Sosial Media
0
News
    Home berita berita lokal budaya masyarakat sejarah

    Radya Pustaka, Wisata Sejarah Tertua di Solo yang Dikelilingi Surga Kuliner Legendaris

    2 min read

    Radya Pustaka, Wisata Sejarah Tertua di Solo yang Dikelilingi Surga Kuliner Legendaris
    Ringkasan Berita:
    • Mengunjungi Museum Radya Pustaka, pengalaman yang diperoleh bukan sekadar perjalanan melintasi waktu, tetapi juga petualangan rasa yang tak terlupakan.
    • Berlokasi strategis di kawasan Taman Sriwedari, Radya Pustaka adalah destinasi yang ramah bagi perut wisatawan.
    • Deretan kedai kopi populer seperti ODDS, Margi, dan Getsee menawarkan atmosfer modern yang kontras namun selaras dengan nuansa sejarah di sekitarnya.
     

    PESANKU.CO.IDKota Solo, Jawa Tengah, memang tidak pernah gagal memanjakan lidah.

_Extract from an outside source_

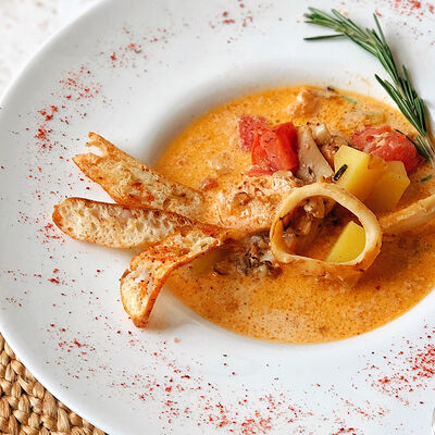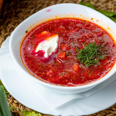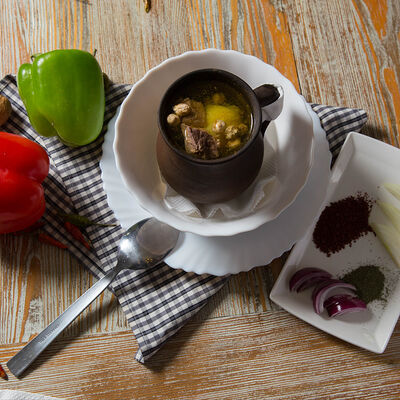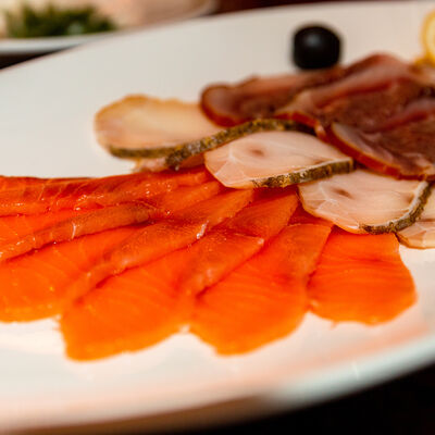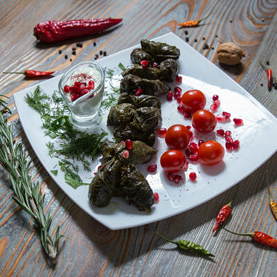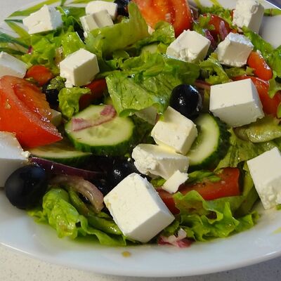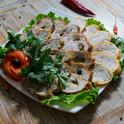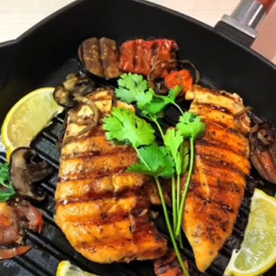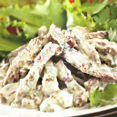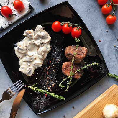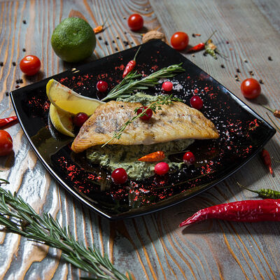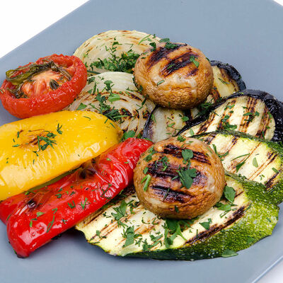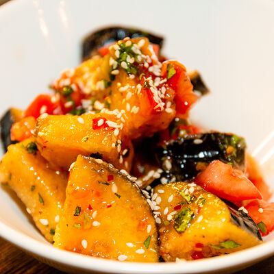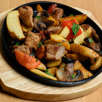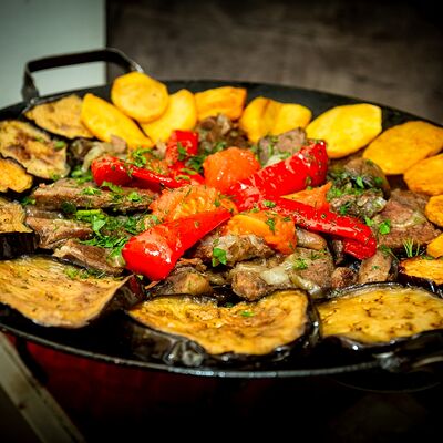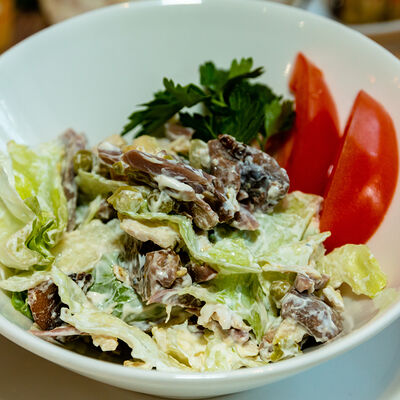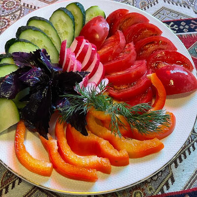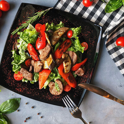 Вырезка говяжья, перец болгарский, цукини, черри салат, соус бальзамический

    Dijuluki sebagai kota kuliner, setiap sudut Kota Bengawan seolah menawarkan undangan terbuka bagi siapa pun untuk mencicipi kudapan yang menggugah selera.

    Namun, bagi Anda yang berencana mengunjungi Museum Radya Pustaka, pengalaman yang didapat bukan sekadar perjalanan melintasi waktu, tapi juga petualangan rasa yang tak terlupakan.

    Dekat dengan Pusat Kenikmatan: Dari Sate Kere hingga Kopi Terkini

    Berlokasi strategis di kawasan Taman Sriwedari, Radya Pustaka adalah destinasi yang ramah bagi perut wisatawan.

    Anda tidak perlu bingung mencari tempat makan setelah lelah berkeliling museum.

    Tepat di sisi selatan kompleks taman, deretan tenda kuliner telah menunggu. Salah satu yang wajib dicoba adalah Sate Kere Yu Rebi yang ikonik.

    Bagi penggemar hidangan kambing, hanya berjarak sekitar 500 meter ke arah tenggara (Jalan Honggowongso), aroma menggoda dari Sate Kambing Pak Manto siap menyambut.

    Kedai ini sudah legendaris, tidak hanya bagi warga setempat, tetapi juga menjadi tujuan favorit para penggemar kuliner dari berbagai penjuru Nusantara.

    Jika Anda lebih suka suasana santai sambil menikmati kafein, cukup berjalan beberapa ratus meter menyusuri citywalk Slamet Riyadi.

    Di sana, deretan kedai kopi ternama seperti ODDS, Margi, dan Getsee menawarkan atmosfer modern yang kontras namun serasi dengan nuansa sejarah di sekitarnya.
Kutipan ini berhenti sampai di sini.